Sensibilidades particulares cercam idéias e histórias religiosas. Em nenhum lugar isso é mais aparente hoje do que no caso do Islã, onde algo desfavorável, especialmente declarações que até algumas pessoas podem considerar blasfemas - como crianças em idade escolar nomeando um ursinho de pelúcia Mohammad, um nome bastante comum no Sudão - pode ser tratado como crime. No Ocidente, nos estados democráticos seculares, muitas igrejas misericordiosamente parecem não estar mais interessadas em controlar assuntos como a blasfêmia. Quando eu morava na República da Irlanda, nos 1960s e no início dos 1970s, a Igreja Católica segurava firmemente a sociedade. Os livros foram proibidos, incluindo James Joyce, DH Lawrence e todos Sigmund Freud. Filmes e peças de teatro também foram proibidos ou censurados. O intolerante proibição de católicosestudar no Trinity College Dublin perpetuou a injustiça. Desde os 1960s, no entanto, agora temos casamento entre pessoas do mesmo sexo, direito das mulheres ao aborto e um abertamente gay Taoiseach (Primeiro ministro). Este ano, em outubro do 6, a maioria dos irlandeses votou em um referendo abolir a lei de blasfêmia que estava em sua constituição desde a 1937. O país se liberalizou notavelmente.

Ironicamente, enquanto Lei de blasfêmia 2010 da Irlanda ainda estava tecnicamente nos livros (embora nunca tenha sido realmente implementado), a Organização de Cooperação Islâmica (OIC) do Estado 57 - consistindo em 56 principalmente estados muçulmanos mais “Palestina” - citado em 2009 durante uma tentativa de impor uma lei internacional de blasfêmia à ONU. Também em 2009, o governo havia aprovado uma nova Lei de Difamação Irlandesa que continha uma definição completa da lei de blasfêmia (a que foi abolida este ano). Essa votação ocorreu durante uma reunião do comitê para o 13th sessão do Conselho de Direitos Humanos da ONU. A proposta, feita em nome da OIC pelo Paquistão, usou a definição irlandesa:

Os Estados partes da 38.1 devem proibir por lei a profusão de assuntos que sejam grosseiramente abusivos ou ofensivos em relação a assuntos considerados sagrados por qualquer religião, causando assim indignação entre um número substancial de adeptos a essa religião.

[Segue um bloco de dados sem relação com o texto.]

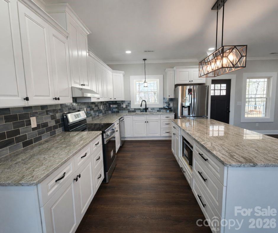 Welcome to country living with a modern twist! Just down the road from Burns Middle and High School, this brand-new home combines the best of rural charm with today’s most desired upgrades. Situated on a large 1.5-acre level lot, the property offers endless outdoor potential—plenty of room for a pool, gardening, or simply enjoying the peace and privacy from your spacious covered rear porch. Inside, the open-concept floor plan is designed for both style and function. The chef’s kitchen features upgraded cabinetry, granite countertops, and premium finishes that flow seamlessly into the dining and living areas, highlighted by a cozy fireplace. This 3-bedroom ranch home is anchored by a luxurious primary suite, complete with a large walk-in closet and a spa-inspired ensuite bathroom boasting a sizable tiled shower. Additional highlights include: Oversized side-load 2-car garage with a spacious driveway for ample parking Elegant finishes throughout Versatile layout perfect for everyday living or entertaining If you’re searching for the perfect balance of modern living in a country setting, this home is a must-see. Come experience it in person—you won’t be disappointed!
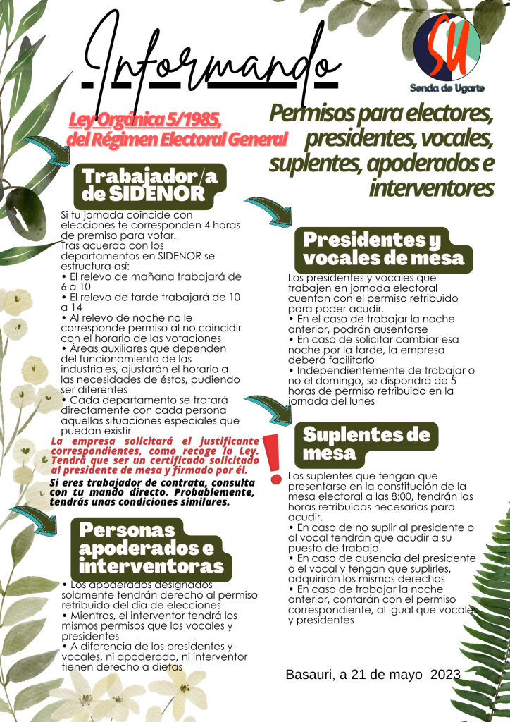 2023ko maiatzaren 21a. Hautesle, lehendakari, kide, ordezko, ahaldun eta kontu-hartzaileentzako baimenak.

Não sabemos se a principal motivação para a OIC veio menos de uma preocupação com religiões que os muçulmanos possam considerar totalmente falsa, revogada e inferior, como o judaísmo ou o cristianismo, ou mais de uma preocupação de que ninguém deveria criticar o Islã.

De qualquer forma, a Irlanda finalmente acordou com a injustiça de sua lei de blasfêmia, e os danos que estava causando à crescente reputação de país que pretendia observar os direitos humanos.